Documentation

Mathlib.CategoryTheory.Category.ULift

Basic API for ULift #

This file contains a very basic API for working with the categorical instance on ULift C where C is a type with a category instance.

CategoryTheory.ULift.upFunctor is the functorial version of the usual ULift.up.
CategoryTheory.ULift.downFunctor is the functorial version of the usual ULift.down.
CategoryTheory.ULift.equivalence is the categorical equivalence between C and ULift C.

ULiftHom #

Given a type C : Type u, ULiftHom.{w} C is just an alias for C. If we have category.{v} C, then ULiftHom.{w} C is endowed with a category instance whose morphisms are obtained by applying ULift.{w} to the morphisms from C.

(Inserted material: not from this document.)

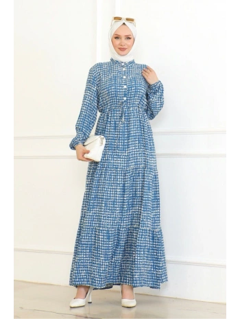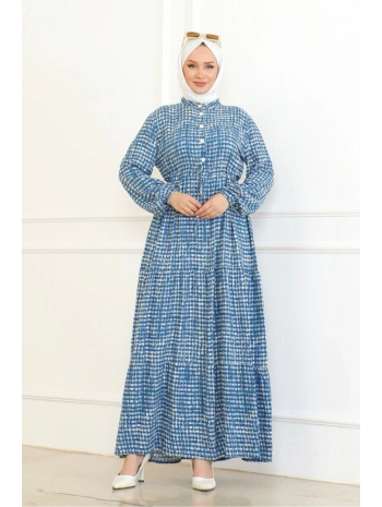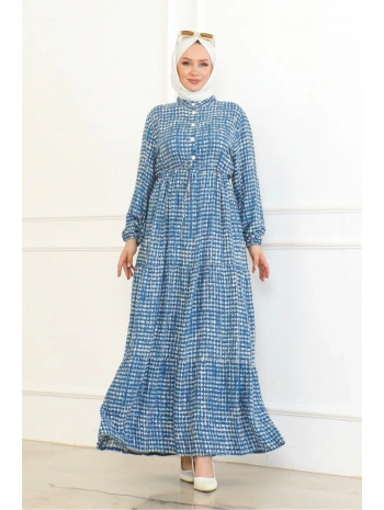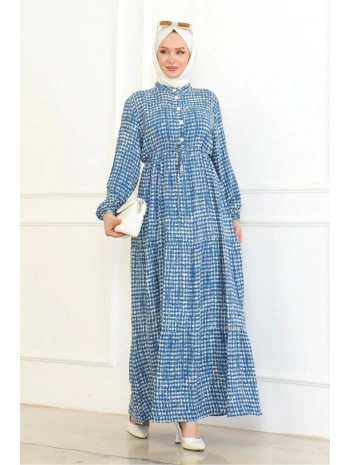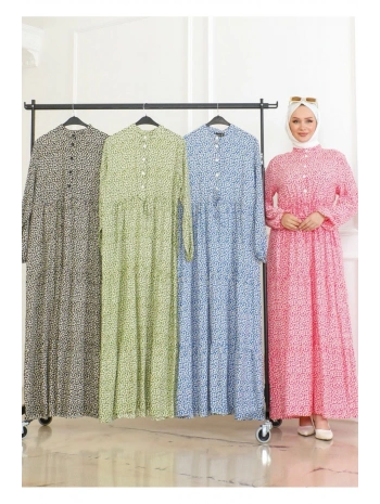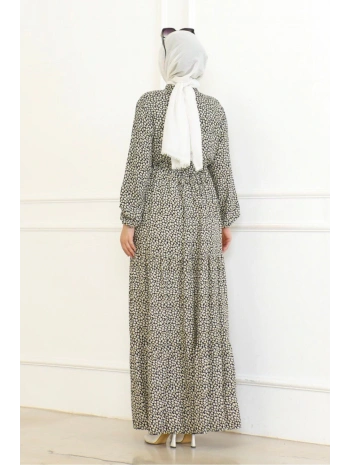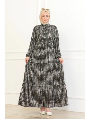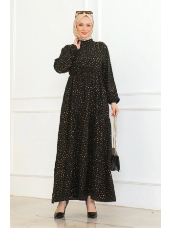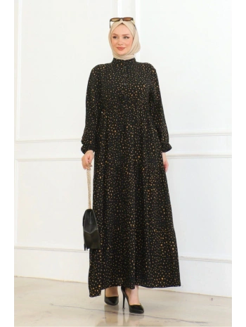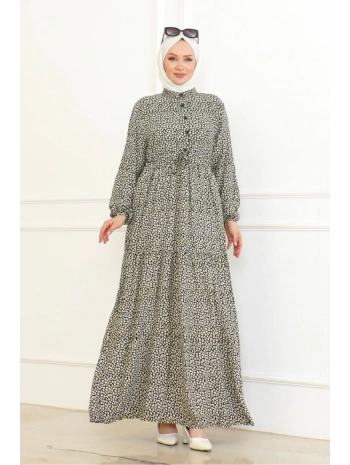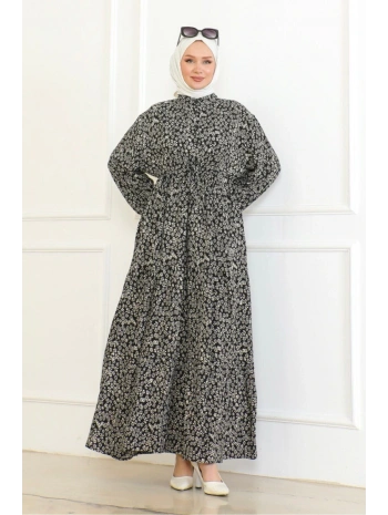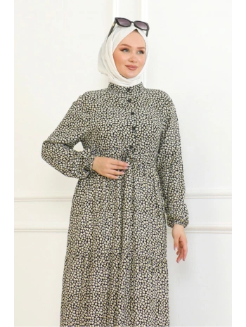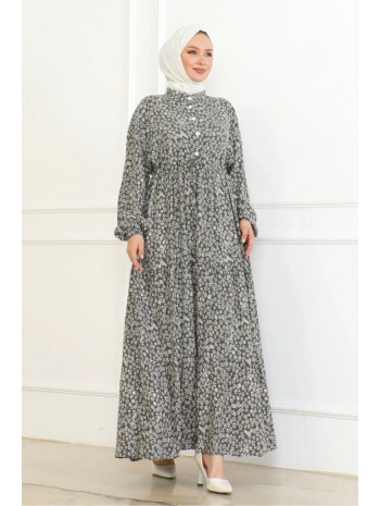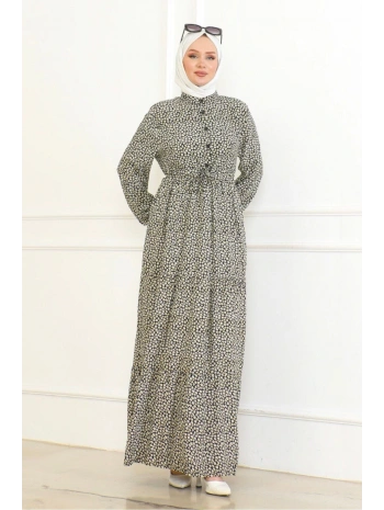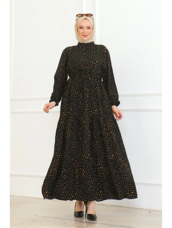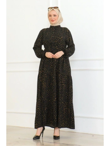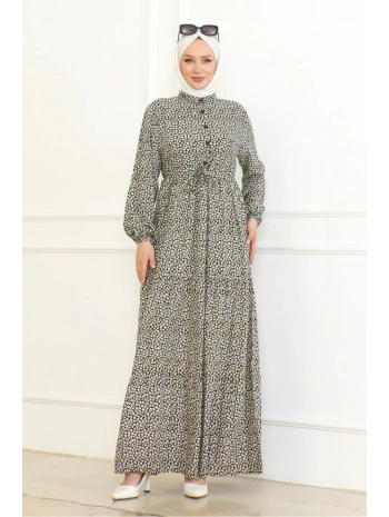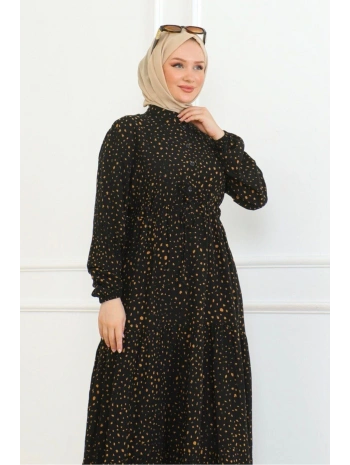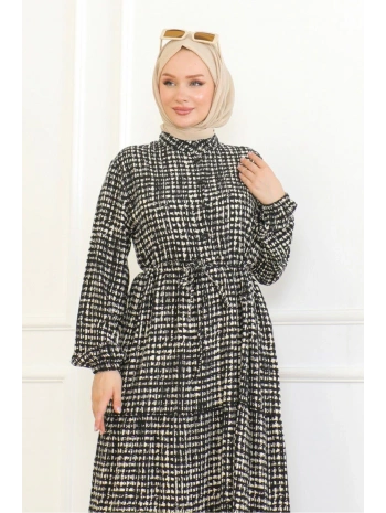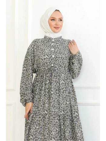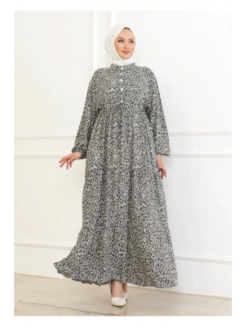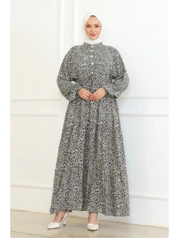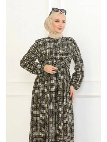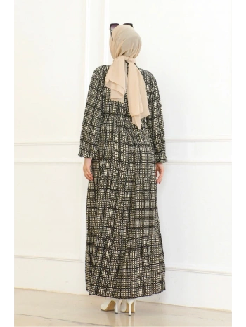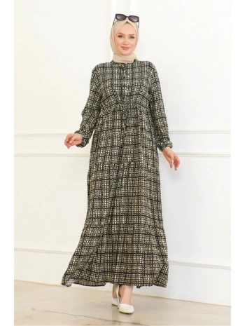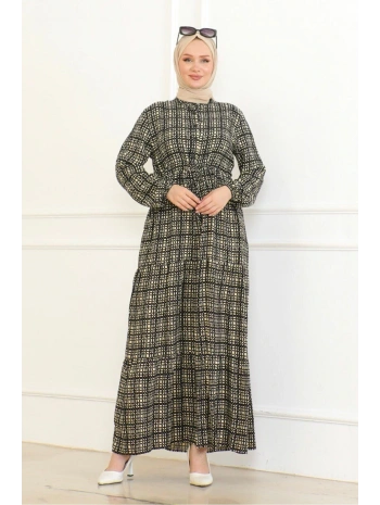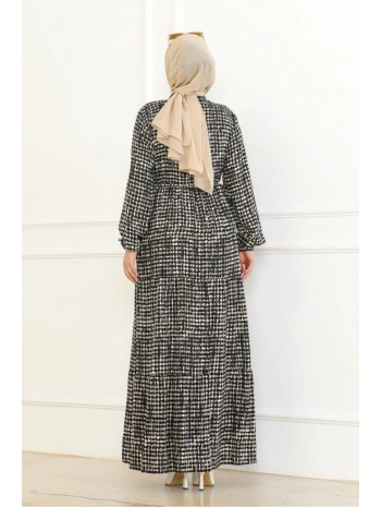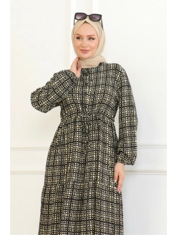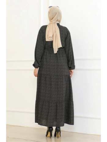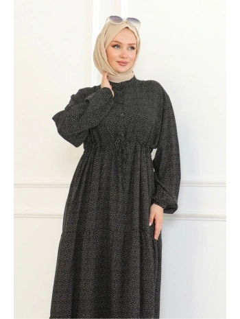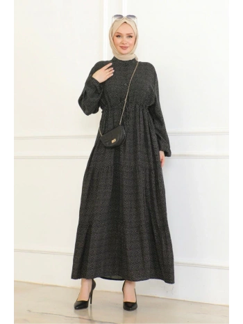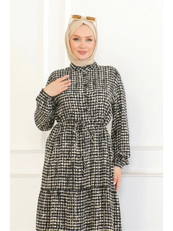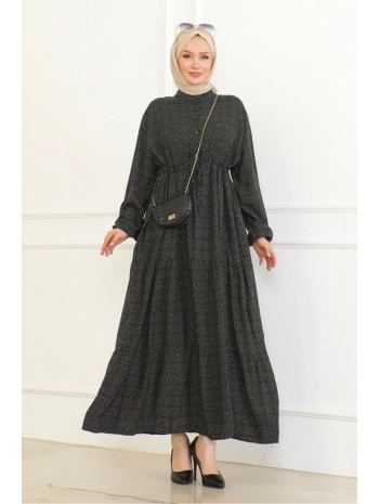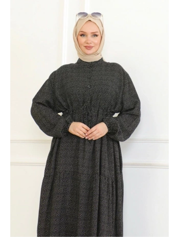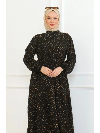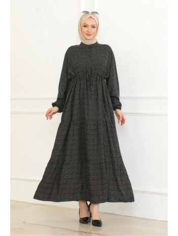 Düğme Detaylı Desenli Viskon Elbise - Siyah

This is a category equivalent to C. The forward direction of the equivalence is ULiftHom.up, the backward direction is ULiftHom.down and the equivalence is ULiftHom.equiv.

AsSmall #

This file also contains a construction which takes a type C : Type u with a category instance Category.{v} C and makes a small category AsSmall.{w} C : Type (max w v u) equivalent to C.

The forward direction of the equivalence, C ⥤ AsSmall C, is denoted AsSmall.up and the backward direction is AsSmall.down. The equivalence itself is AsSmall.equiv.

def CategoryTheory.ULift.upFunctor {C : Type u₁} [Category.{v₁, u₁} C] :

Functor C (ULift.{u₂, u₁} C)

The functorial version of ULift.up.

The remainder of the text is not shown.